Ketiganya melakukan dengan baik sehingga tidak ada kesalahan apapun.
Seperti yang diharapkan dari kelompok yang sudah ada sejak sebelum mereka mendapatkan Degree.
Tiba waktunya untuk Edward dan Jack, keduanya tak perlu diragukan karena mereka sangat cakap.
Lima kubus sudah terisi dan bagian yang paling mengkhawatirkan tiba.
Ray tak pernah merasa tegang seperti itu dalam waktu hidupnya.
Meski bukan kali pertama Ray harus dihadapkan situasi hidup dan mati, tetap saja rasanya mengerikan.
Adrenalin terpacu dan dikesempatan langka Ray menunjukkan senyum.
Dia memiliki kebiasaan aneh di mana ketika merasa tegang dan berdebar-debar bibirnya akan membentuk senyuman diiringi hati yang geli.
“Mengapa kamu tersenyum?” Edward terlihat khawatir karena mungkin Ray memiliki rencana jahat.

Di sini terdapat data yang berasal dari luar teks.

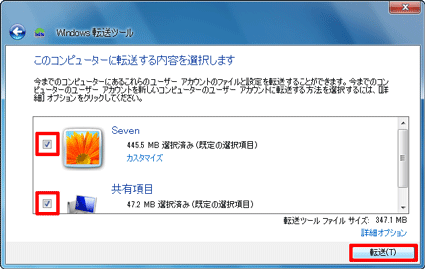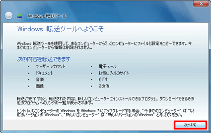 [Windows 7] Windows 転送ツールを使って、古いパソコンのデータを、新しいパソコンにコピーする方法を教えてください。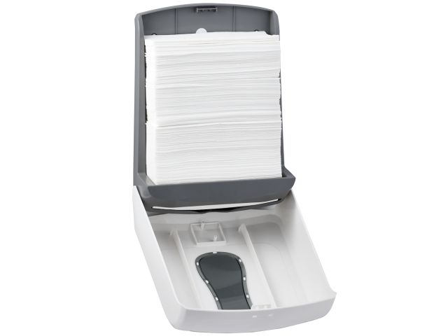 Duża pojemność: Pomimo swojego kompaktowego rozmiaru, pojemnik jest w stanie pomieścić do 500 sztuk ręczników, co zapewnia długotrwałe użytkowanie bez konieczności częstego uzupełniania.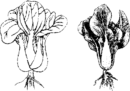 白 菜 生长发育与产品形成 白菜生育周期分营养生长期和生殖生长期。以秋冬白菜为例,营养生长期包括:❶发芽期: 从种子萌动到子叶展开,真叶显露。 ❷幼苗期: 从真叶显露到形成一个叶序。 ❸莲座期: 植株再展出1~2个叶序,是个体产量形成的主要时期。生殖生长期包括: ❶抽薹孕蕾期:抽生花薹,发出花枝。主花茎和侧枝上长出茎生叶,顶端形成花蕾。 ❷开花结果期: 花蕾长大,陆续开花、结实。 白菜以莲座叶为产品。秋播白菜一般1.5~2天分化一片新叶。如杭州油冬儿等品种单株,一般具25~30片叶,其中主要由第9~24片莲座叶构成产量。幼苗期叶面积的增长速度比叶重增长快; 莲座期则叶重增长速度较快。到生长后期,叶重增长主要是叶柄的增长,叶柄重常占叶总重的75~80%,为养分的贮藏器官。单位面积产量由株数和单株重所构成,而单株重则受叶数和叶重两个因素所制约。多数品种为叶重型,叶重增加主要靠叶面积增大和叶柄增重。 白菜喜冷凉气候,平均气温18~20℃和阳光充足的条件下生长最好。-2~-3℃能安全越冬。25℃以上的高温生长衰弱,易感病毒病,只有少数较耐热品种可在夏季栽培。白菜萌动的种子及绿体植株在气温15℃以下,经历一定的天数完成春化,苗端开始花芽分化,而叶分化停止。在长日照及较高的温度条件下抽薹、开花。但不同品种对长日照的要求有明显差异。 栽培技术 白菜类型、品种繁多,适应性广泛,在中国江、淮地区,除冬季和早春行简易覆盖栽培外,可多茬露地栽培; 华南地区可周年生产。在栽培上一般按三季安排: ❶秋、冬白菜: 育苗移栽,收获成株为主。华南是9~12月陆续播种,分期收获至翌年2月;江、淮地区是8月上旬~10月中旬陆续播种,封冻前收获完毕。 ❷春白菜: 晚秋播种,小苗越冬,翌春收获成株; 早春播种,采收幼苗。早春用冷床播种育苗或春分后播种育苗的,也可收获成株。 ❸夏白菜: 以栽培采收菜秧为主,5月上旬~8月上旬可随时播种,不断收获。白菜常与瓜类、豆类及大田作物轮作。春白菜与茄果类、瓜类、豆类、薯芋类蔬菜间作套种; 夏白菜与芹菜、茼蒿、胡萝卜等蔬菜混播; 秋冬白菜可与结球甘蓝、花椰菜、莴笋、马铃薯等间作或套种。利用不同品种排开播种,可实现周年供应。 白菜除早春、夏季等为栽培菜秧而采用直播外,一般行育苗移栽。宜选择保水保肥、排水良好的壤土作育苗畦,前茬收获后要早耕晒垡、清洁田园、施足基肥,整地后作成高畦或平畦。播种应掌握匀播和适当稀播。出苗后及时间苗,避免徒长; 间苗后进行追肥和浇水,并注意苗期除草和病虫害防治。一般播后25~30天移栽。定植田提前施肥、耕翻晒垡、作畦。栽植密度因品种、季节和栽培目的不同而异,多数品种株行距20~25厘米见方。栽植深度因气候、土质而异,早秋宜浅栽,防止因深栽烂心; 寒露后,栽菜宜深些,可以防寒。土质较松,栽植可稍深; 粘重土壤宜浅栽。 白菜根群浅,吸收能力较弱,生长期间应不断供给肥水。多次追施速效氮肥,是促进白菜生长、保证丰产的重要措施。合理施肥的原则: 一要定植后及时追肥,促苗恢复生长; 二要随白菜个体生长,增加追肥浓度和用量。至于施肥方法、时期、用量,则依天气、苗情、土壤等而定。浇水结合追肥进行。定植后3~5天内不可缺水,特别是夏季和早秋,栽后须连续3~4天每天早晚浇水。栽培白菜宜多施有机肥作基肥,生长期间适当追施化肥,也可结合喷灌进行叶面追肥。 白菜植株长到一定大小可随时采收。成株采收标准: 外叶叶色开始变淡,基部外叶发黄,叶丛由旺盛生长转向闭合生长,心叶伸长到与外叶齐平(俗称“平口”)。江、淮地区秋白菜定植后30~40天可陆续采收,收获成株则需50~60天; 春白菜须在抽薹前收获。华南地区播种至收获只需40~60天。 采种田应与白菜类其他蔬菜及白菜其他品种严格隔离,也要与芸薹属中染色体基数x=10的其他栽培作物隔离。原种田空间隔离距离至少2000米以上,生产用种田隔离距离不得少于1 000米。主要采种法有:❶成株采种法: 秋季适期播种。收获前选择生长健壮、具本品种特征的优良植株作种株,并按45厘米左右的株行距定植。江、淮地区需注意采取适当覆盖防寒,耐寒性弱的长梗白菜,可切去叶子上部,仅留叶柄和心叶定植,再适当用草覆盖。翌春除去防寒覆盖物,进行中耕、除草、施肥,花前注意防治蚜虫等,江、淮地区一般于5月至6月陆续收获种子。 ❷半成株采种法: 江、淮地区多于10月上、中旬播种育苗,冬前定植。翌春选留健壮者采种。种子产量较高,成本较低,但质量不及成株采种。 ❸小株采种法:江、淮地区2月上旬播种,出苗后去劣去杂一两次,按苗距20厘米左右留苗,5月下旬至6月上旬收获种子。春白菜留种多结合春季大田生产,去劣留优。 贮藏加工 ❶腌白菜: 采收充分成熟的成株,除去根部及老叶,洗净,待水分蒸发并稍萎蔫时,加盐干揉,码入陶缸或大木桶中。一层菜、一层盐,码满为止,上压重石。数天后待汁液浸出,再上下翻动一次,如前压紧约经25~30天后,即可食用。每50公斤鲜菜可加盐2.5~4公斤。 ❷白菜干: 采收充分生长的成株,去根和老叶、洗净、沸水泡片刻后上架晒干。 病虫害及防治 常见病害有病毒病、霜霉病、白斑病、根肿病等。主要虫害有菜蚜、菜心野螟(见大白菜、蔬菜虫害)、菜蛾、甘蓝夜蛾、黄曲条跳甲、菜粉蝶等见蔬菜虫害。 白菜Baicai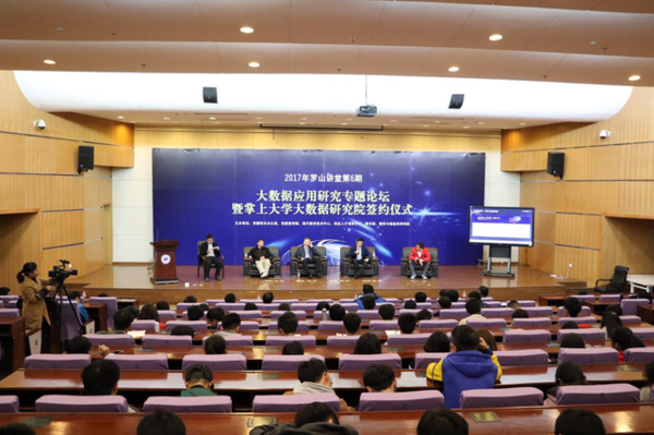 签约仪式后还举行了罗山讲堂——大数据应用研究专题论坛。与会人员分别从工业大数据、数据革命、阿里云大数据交通应用等方面展开论述。

“Tidak. Ini hanya kebiasaanku ketika merasa gugup atau berada di situasi di mana nyawaku bisa saja menghilang. Debaran yang menyenangkan untuk hati yang terasa geli ini.”

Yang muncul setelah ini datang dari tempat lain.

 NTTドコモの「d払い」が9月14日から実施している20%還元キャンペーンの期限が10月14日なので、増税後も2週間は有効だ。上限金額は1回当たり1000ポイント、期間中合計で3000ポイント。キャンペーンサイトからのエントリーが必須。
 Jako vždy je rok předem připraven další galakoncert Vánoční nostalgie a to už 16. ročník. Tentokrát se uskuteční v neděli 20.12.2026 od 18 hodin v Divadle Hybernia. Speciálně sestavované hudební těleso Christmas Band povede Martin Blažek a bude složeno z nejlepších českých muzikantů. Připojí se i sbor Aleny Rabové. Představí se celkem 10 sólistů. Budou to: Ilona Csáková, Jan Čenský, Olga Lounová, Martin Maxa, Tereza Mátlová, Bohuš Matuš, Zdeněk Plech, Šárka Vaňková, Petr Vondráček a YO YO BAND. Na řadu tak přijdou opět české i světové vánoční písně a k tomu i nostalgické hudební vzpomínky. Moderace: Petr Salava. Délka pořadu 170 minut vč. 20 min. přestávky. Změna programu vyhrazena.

“Aku tak tahu harus mengartikannya masokis atau kamu mencintai adrenalin seperti ini. Yah, sedikit banyaknya aku paham.”
Edward adalah seorang ahli bela diri bahkan tanpa Degree. Mereka yang sering menghadapi pertarungan akan terpacu adrenalinnya jika berhadapan dengan lawan kuat yang memungkinkan kekalahan.
“Akan aku peringatkan. Kecerobohan, sengaja melambat dalam perjalanan akan menyebabkan bagian belakang berbahaya. Ini hanya kata-kata saja, jika kalian melakukannya maka aku takkan ragu menyeret siapapun di depanku ke neraka.”
Seandainya Steve atau yang lainnya sengaja melambat agar Ray terjatuh. Maka ketika waktunya tiba Ray akan menarik siapapun yang ada di depannya.
“Meski kamu hanya menggertak namun melihat sikapmu yang tak memiliki keraguan menjadikan kata-katamu berbahaya.” Edward menghela napas kasar.
Seandainya Steve atau temannya yang lain melakukan tindakan tersebut maka Edward akan menjadi orang yang diseret oleh Ray.
“Sepertinya kamu sudah menduga bahwa aku akan jadi orang ke lima. Teman-temanku takkan melakukan hal bodoh jika itu bisa membuatku gugur.” Untuk pertama kalinya Edward benar-benar menunjukkan kebenciannya kepada Ray.
Itu memang fakta bahwa inti dari kelompok kecil tersebut adalah Edward.